Judge rules Mariah Carey did not steal All I Want For Christmas Is You
A US judge has ruled that Mariah Carey did not steal her perennial mega-hit, All I Want for Christmas Is You, from other songwriters.
Judge Mónica Ramírez Almadani granted Carey’s request for summary judgement on Thursday, giving her and co-writer and co-defendant Walter Afanasieff a victory without going to trial.
In 2023, songwriters Andy Stone of Louisiana — who goes by the stage name Vince Vance — and Troy Powers of Tennessee filed the US$20 million ($32 million) lawsuit alleging that Carey’s 1994 song, which has since become a holiday standard and annual streaming sensation, infringed the copyright of their 1989 country song with the same title.
It was the second time Stone sued over the song, after he withdrew a 2022 case.
Their lawyer Gerard P. Fox said he was “disappointed” in an email to The Associated Press.
Fox said it is his experience that judges at this level “nearly always now dismiss a music copyright case and that one must appeal to reverse and get the case to the jury.”
“My client will make a decision shortly on whether to appeal.
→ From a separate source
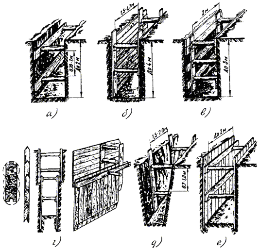 1) угол между направлением откоса и горизонталью 2) отношение высоты откоса Н к его заложению А Примечание. При глубине выемки свыше 5 м крутизна откоса устанавливается расчетным путем. 2.50. На пересечениях с железнодорожными или трамвайными путями необходимо разрабатывать траншеи и котлованы с обязательным креплением их стен. Крепить пути рельсовыми пакетами следует только в случаях, предусмотренных проектом, согласованным со службой эксплуатации данных путей. 2.51. Виды крепления котлованов и траншей с вертикальными стенками приведены в табл. 2.7. Таблица 2.7 Виды крепления котлованов и траншей с вертикальными стенками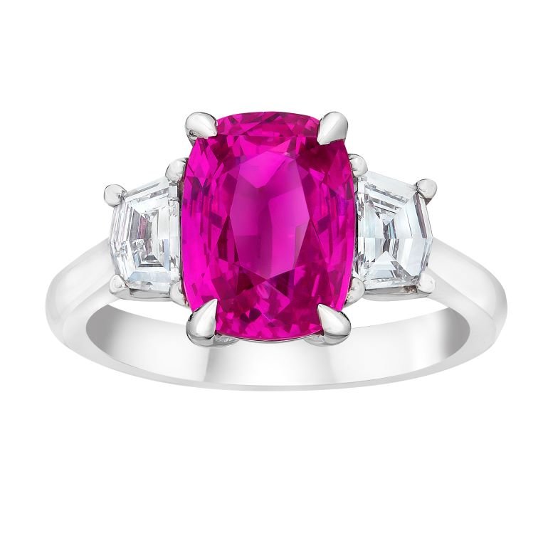 Details4.14 Carat Cushion Pink Sapphire with 0.69 Carat Diamonds set in a Platinum Ring |

We filed based on the opinions of two esteemed musicologists who teach at great colleges,” he said.
Stone and Powers’ suit said their All I Want For Christmas Is You song contains a unique linguistic structure where a person, disillusioned with expensive gifts and seasonal comforts, wants to be with their loved one, and accordingly writes a letter to Santa Claus.”
They said there was an “overwhelming likelihood” Carey and Afanasieff had heard their song — which at one point reached No.31 on Billboard’s Hot Country chart — and infringed their copyright by taking significant elements from it.
After hearing from two experts for each side, Judge Ramírez Almadani agreed with those from the defence, who said the writers employed common Christmas cliches that existed prior to both songs, and that Carey’s song used them differently.
She said the plaintiffs had not met the bar of showing that the songs were substantially similar.
Judge Ramírez Almadani also ordered sanctions against the plaintiffs and their lawyers, saying their suit and subsequent filings were frivolous and that the plaintiffs’ lawyers “made no reasonable effort to ensure that the factual contentions asserted have evidentiary support”.
She said they must pay at least part of the defendants’ legal fees.
Lawyers for the defence and publicists for Carey did not immediately respond to a request for comment.
Carey’s Christmas colossus has become an even bigger hit in recent years than it was in the 1990s. During the holiday season, it has reached number one on Billboard’s Hot 100 chart — which measures the most popular songs by airplay, sales and streaming — the past six years in a row.
The future of copyright infringement
Queensland University of Technology music lecturer Dr Yanto Browning said the law made these types of cases challenging.
“It’s hard to copyright a chord progression, for example,” Dr Browning said.
Musicians Pharrell Williams and Robin Thicke were successfully sued by the estate of Marvin Gaye in 2015 after they claimed Williams’ and Thicke’s song Blurred Lines infringed on Gaye’s 1977 track Got To Give It Up.
Dr Browning said such lawsuits could be based on lyrical and melodic content, and also a more overarching style or “vibe”.
“It’s almost like the textual components as much as the chordal and the lyrical ideas,” he said.
“I think it’s part of the law that is really quite open to interpretation.“
A jury found Williams and Thicke’s song Blurred Lines infringed on Marvin Gaye’s 1977 song Got To Give It Up in 2015. (Reuters: Rick Wilking)
Dr Browing said the situation was unlikely to get easier in the future, with the rise of generative artificial intelligence.
“Whatever happens next with artificial intelligence and copyright is really where all the attention is going to go,”
he said.
Dr Browning expected individual cases would become increasingly insignificant, taking a back seat to copyright infringement claims that centre on the use of existing music to train AI companies’ large language models.
“Now you can go into AI generators and just say ‘Give me a folk song in the mould of …’ and then that’s been trained on all of these other artists,” he said.
“But there’s no talk of, how do you remunerate an entire genre?”